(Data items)
---------------
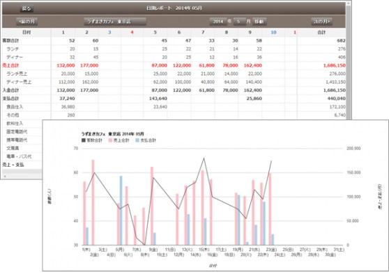 2013年12月にリリースしたバージョン13.7.0にて、日々の売上や経費を日計表形式で登録するだけで会計帳簿から決算書までを自動的に作成できる「日計表入力機能」を搭載いたしました。新バージョン14.4.0では、日計表機能を拡充いたします。日計表グラフ表示機能を追加し、売上や客数など日々の経営データの視認性を向上させるほか、日計表メール通知機能を搭載し、日計表登録の通知を受け取れるため、迅速にその日の会計情報を確認できます。
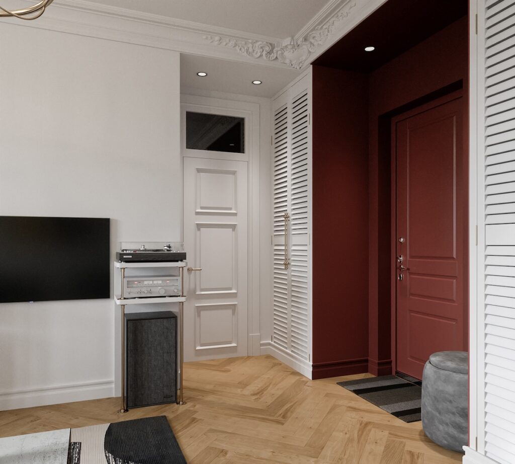 The foyer. A solid maroon section flanked by textured white cabinetry. This space creates an intriguing first impression, sure to captivate anyone walking in. The rug here makes the ambiance inviting, while the ottoman provides a quick seat for residents putting on shoes as they walk out of the house.
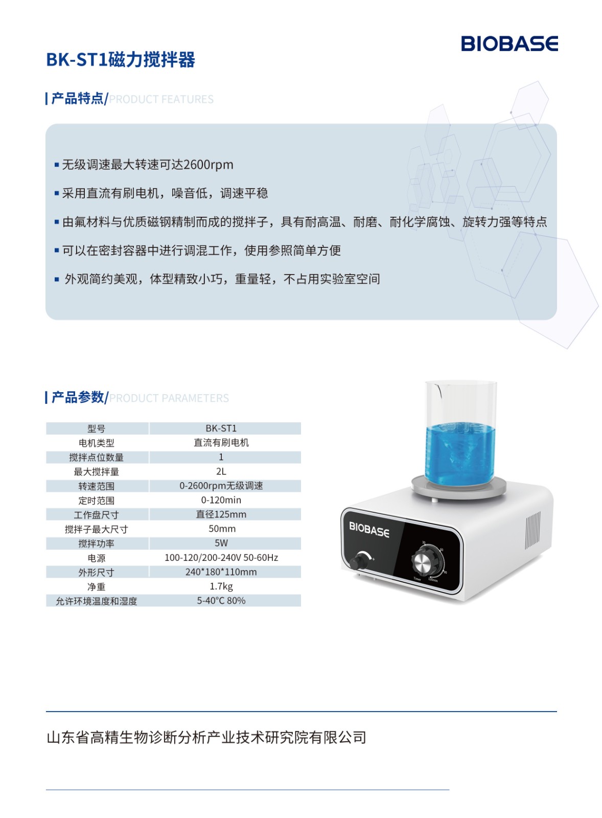 磁力搅拌器BK-ST1技术参数
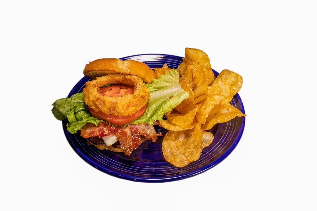 our Blue Plate cheeseburger with Monterey Jack cheese, crisp bacon, fried onion ring, and our homemade smoky BBQ sauce
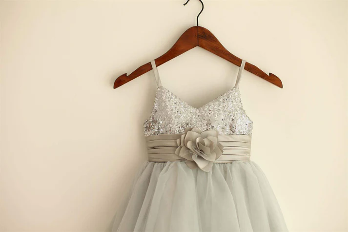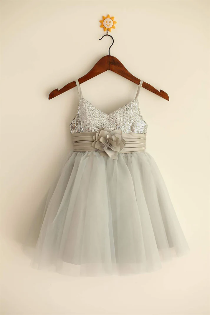 Niulatu A Line Spaghetti Straps Tulle Sequin Flower Girl Dress HZ1110
---------------
--- PROBLEM TO SOLVE ---
Lines from the one holding "The foyer. A" to the end of the data, both ends included, are to be given again exactly; no pictures belong in the copy.

--- TASK RESULT ---
 The foyer. A solid maroon section flanked by textured white cabinetry. This space creates an intriguing first impression, sure to captivate anyone walking in. The rug here makes the ambiance inviting, while the ottoman provides a quick seat for residents putting on shoes as they walk out of the house.
 磁力搅拌器BK-ST1技术参数
 our Blue Plate cheeseburger with Monterey Jack cheese, crisp bacon, fried onion ring, and our homemade smoky BBQ sauce
 Niulatu A Line Spaghetti Straps Tulle Sequin Flower Girl Dress HZ1110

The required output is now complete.